## [TASK ITEM]
From the line holding "9,000원/월주유취급소 구조설비명세표양식은 사업의" through the line holding "這個(gè)圖是個(gè)很" below, write out every line exactly; include both of those lines and drop the pictures.

►

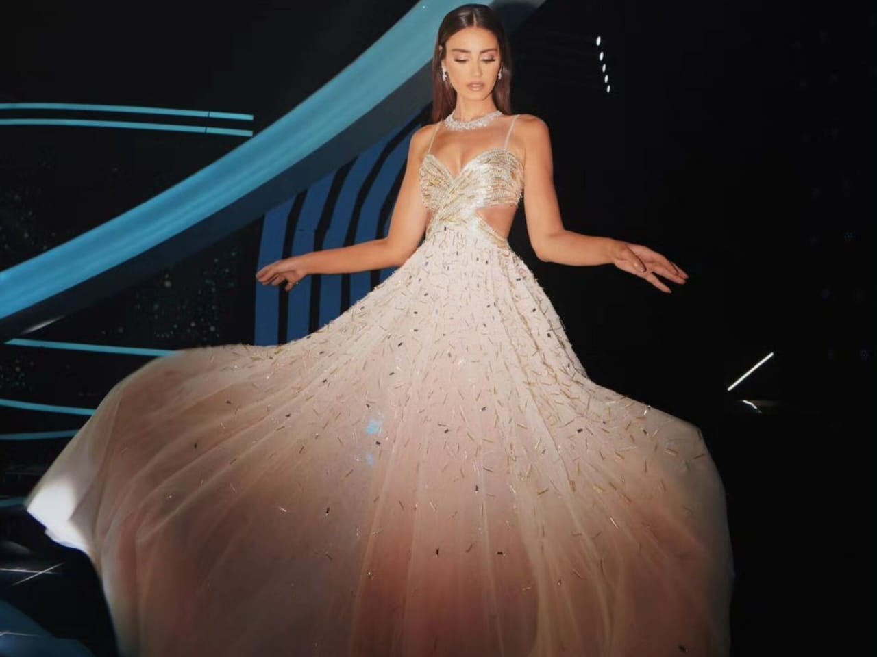 سطعت الإعلامية إيميه صياح في إطلالتها الأولى في حفل انتخاب ملكة جمال لبنان 2024، حيث ارتدت فستاناً طويلاً وواسعاً من مجموعة Stardust Voyage للأزياء الراقية لموسمي ربيع وصيف 2024، التي قدّمها طوني ورد في باريس في كانون الثاني/يناير الماضي، تميّز بتصميم Bustier مع حمالات Spaghetti Straps الناعمة والرفيعة في جزئه العلوي على شكل حرف X.
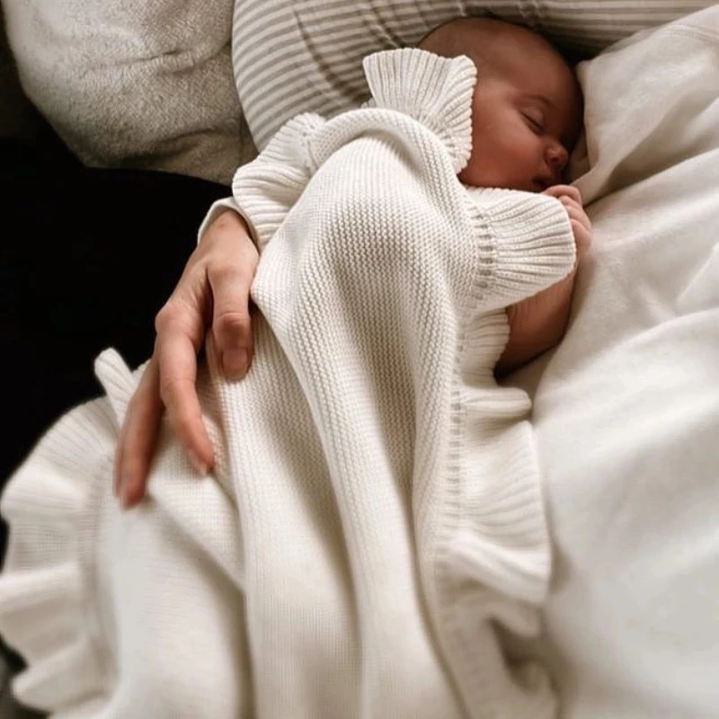 Knitted Baby Swaddle Blanket for New Born Babies Accessories Ruffle Stroller Blanket Bedding items Infant Nap Bed Cover
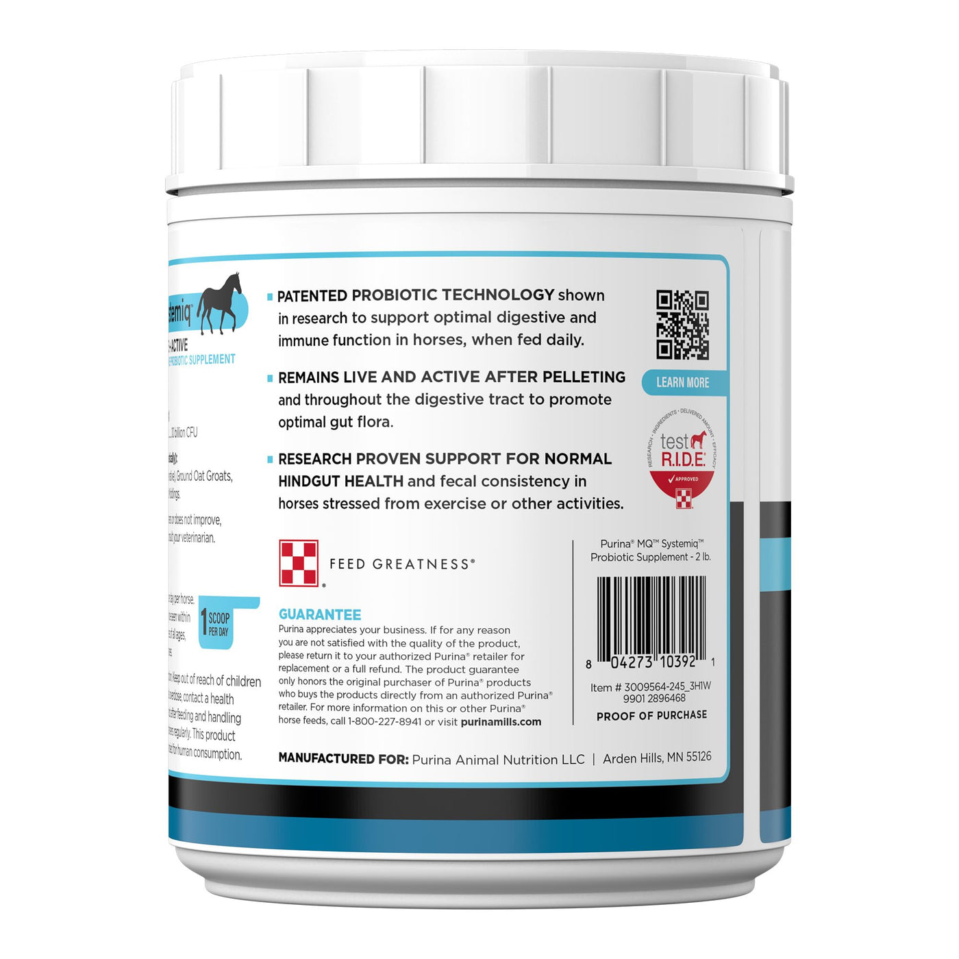For over a decade, Purina has been studying the equine microbiome to help horse owners unlock new insights into their horses health. We looked beyond the usual expectations of what a probiotic can do. Our unique and patented probiotic technology in Systemiq supplement has a systemic effect in your horse, helping them to overcome challenges such as exercise or occasional gastrointestinal stress. Its time to know your probiotic is working as hard as you do.
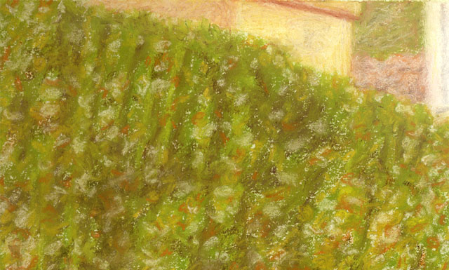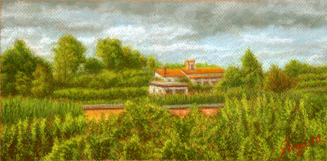 Al escanear la imagen realmente ha quedado algo más sucia y he tenido que ajustar los colores en Adobe Photoshop, la casa blanca de arriba se me ha quemado un poco y hay una especie de surco vertical en el seto, por dónde uní la obra, la escaneé en dos partes porque no cabía claro, en fin, imaginaros el retrato auténtico.
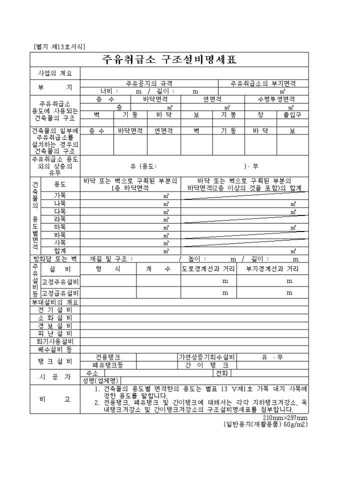 9,000원/월주유취급소 구조설비명세표양식은 사업의 개요, 부지, 주유취급소 용도에 사용되는 건축물의 구조등의 항목으로 구성되어 있습니다.
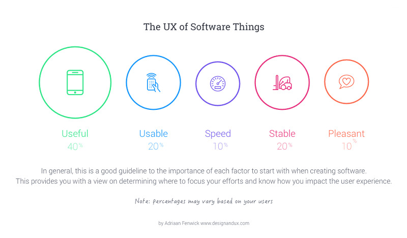 這個(gè)圖是個(gè)很好的量化的標(biāo)準(zhǔn),可以看到的是,好的UX,最重要的是你要做一個(gè)款有用的產(chǎn)品,能夠幫用戶解決問題的。記得之前在UCLA玩的時(shí)候,朋友實(shí)驗(yàn)室的大牛PhD就想做一款產(chǎn)品,和點(diǎn)贊功能相反的產(chǎn)品,是用來“點(diǎn)恨”的。他的初衷是如果兩個(gè)人討厭同樣的東西,這兩個(gè)人就可能可以成為朋友。(多么反人類的設(shè)計(jì)雖然聽起來好像有點(diǎn)道理)。這個(gè)產(chǎn)品當(dāng)然狗帶了,因?yàn)闆]給用戶解決什么問題。所以,當(dāng)你產(chǎn)品沒成功的時(shí)候,不妨先問問自己是不是根本產(chǎn)品方向就沒對(duì)。
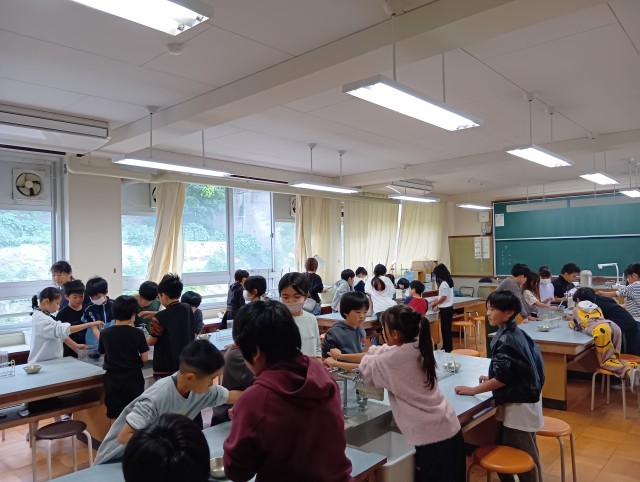 4年生は理科室で「もののあたたまりかた」の実験です。みんなで協力しながら準備していました。
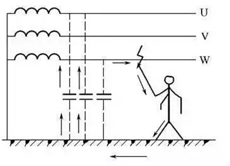 单相触电是指当人站在地面上人体的某一部位触到某相火线而发生的触电现象。在低压供电系统中发生单相触电,人体所承受的电压几乎就是电源的相电压220V。
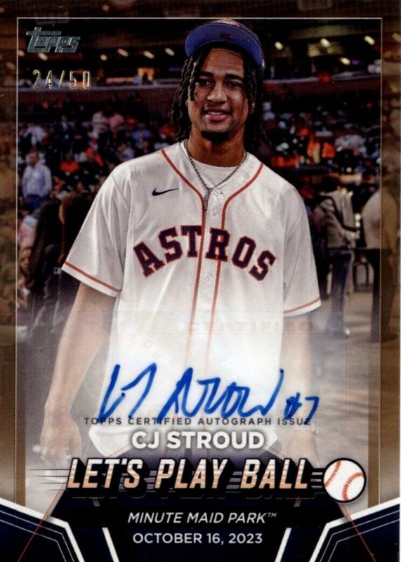 2024 Topps Series 2 CJ Stroud Lets Play Ball Gold Auto #42/50 Houston Astros
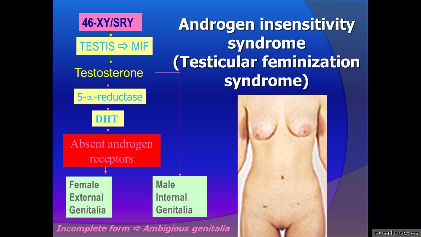 is incomplete so there is external genital ambiguity of various degree ,the uterus ,upper vagina are absent because of production of the MIF by the testes is normal .

◄

## [RESULT FOR THIS TASK]
 9,000원/월주유취급소 구조설비명세표양식은 사업의 개요, 부지, 주유취급소 용도에 사용되는 건축물의 구조등의 항목으로 구성되어 있습니다.
 這個(gè)圖是個(gè)很好的量化的標(biāo)準(zhǔn),可以看到的是,好的UX,最重要的是你要做一個(gè)款有用的產(chǎn)品,能夠幫用戶解決問題的。記得之前在UCLA玩的時(shí)候,朋友實(shí)驗(yàn)室的大牛PhD就想做一款產(chǎn)品,和點(diǎn)贊功能相反的產(chǎn)品,是用來“點(diǎn)恨”的。他的初衷是如果兩個(gè)人討厭同樣的東西,這兩個(gè)人就可能可以成為朋友。(多么反人類的設(shè)計(jì)雖然聽起來好像有點(diǎn)道理)。這個(gè)產(chǎn)品當(dāng)然狗帶了,因?yàn)闆]給用戶解決什么問題。所以,當(dāng)你產(chǎn)品沒成功的時(shí)候,不妨先問問自己是不是根本產(chǎn)品方向就沒對(duì)。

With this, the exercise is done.